What the Java mapping does specify are two property keys (or, ‘property names’) for each service: one that is used to find the name of the class implementing initializeHandle, a second that is used to find the URL that a URLClassloader can use to find the named class. When the client allocates a factory for the service, the System properties are searched using these keys. One finds the definition of the keys for the NTF in the NtfHandleFactory class.

These properties might be set on behalf of the client when the client is launched, perhaps on the command line. That is, the client inherits these properties. The client might also be able to set these properties programmatically. We say ‘might’ because the client might not have permission to set these properties. The means for the client to set these properties was included in the specification for testing purposes: it is not a mechanism suggested for production use.

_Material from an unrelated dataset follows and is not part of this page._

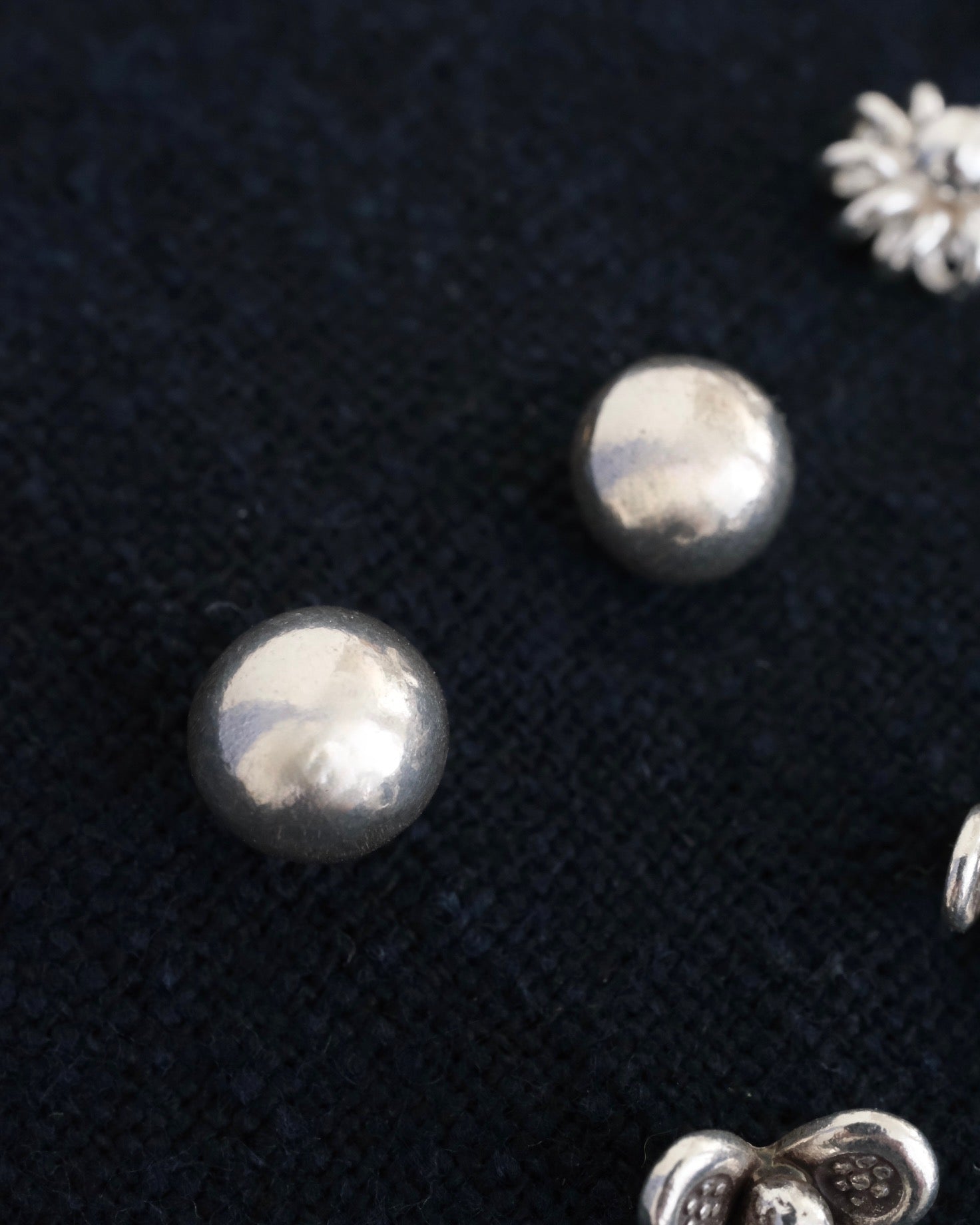 タイ・チェンマイの山岳民族カレン族が作る「カレンシルバー」のパーツを使ったピアスです。耳の穴にまっすぐ通してキャッチで留めるスタッドタイプ。「シルバボール」はシンプルな球のモチーフ。S、Mの2サイズがあります。

For our example, we will actually set the properties using client code:

 /**
  * Change this as needed to adopt to vendors
  * and local install environment.
  */
static final String SAF_IMPL_PROVIDER_URL =
“http://localhost:8080/saforum/providers/com.provider/impl/classes/”;

/**
 * Class name of implementation of factory
 */
static final String SAF_IMPL_NTF_CLASSNAME =
“com.provider.ais.ntf.ntfImpl.NtfHandleFactoryImpl”;
/**
 * Set up implementation configuration information for
 * SA Forum services. This needs to be done before
 * instantiating any services. Note that the execution
 * environment, including security
 * settings applicable to system properties, may override
 * this configuration.
 */
static protected void safSetup() {

System.setProperty(NtfHandleFactory.IMPL_CLASSNAME_KEY,
       SAF_IMPL_NTF_CLASSNAME);
  System.setProperty(NtfHandleFactory.IMPL_URL_KEY,
       SAF_IMPL_PROVIDER_URL);
}

12.4.1.2 Instantiating a Service Instance

With the configuration set, we can now obtain a NTF instance.

In our example, each GateKeeper object has its own NTF instance. An alternative approach would be that different functional areas of the client code would share a single service. It is mostly a matter of client architecture choice: ‘mostly’ because creating a service instance can be rather heavyweight in terms of communication between servers and in the maintenance of shared state between servers. This might, in practice, constrain architectural choice.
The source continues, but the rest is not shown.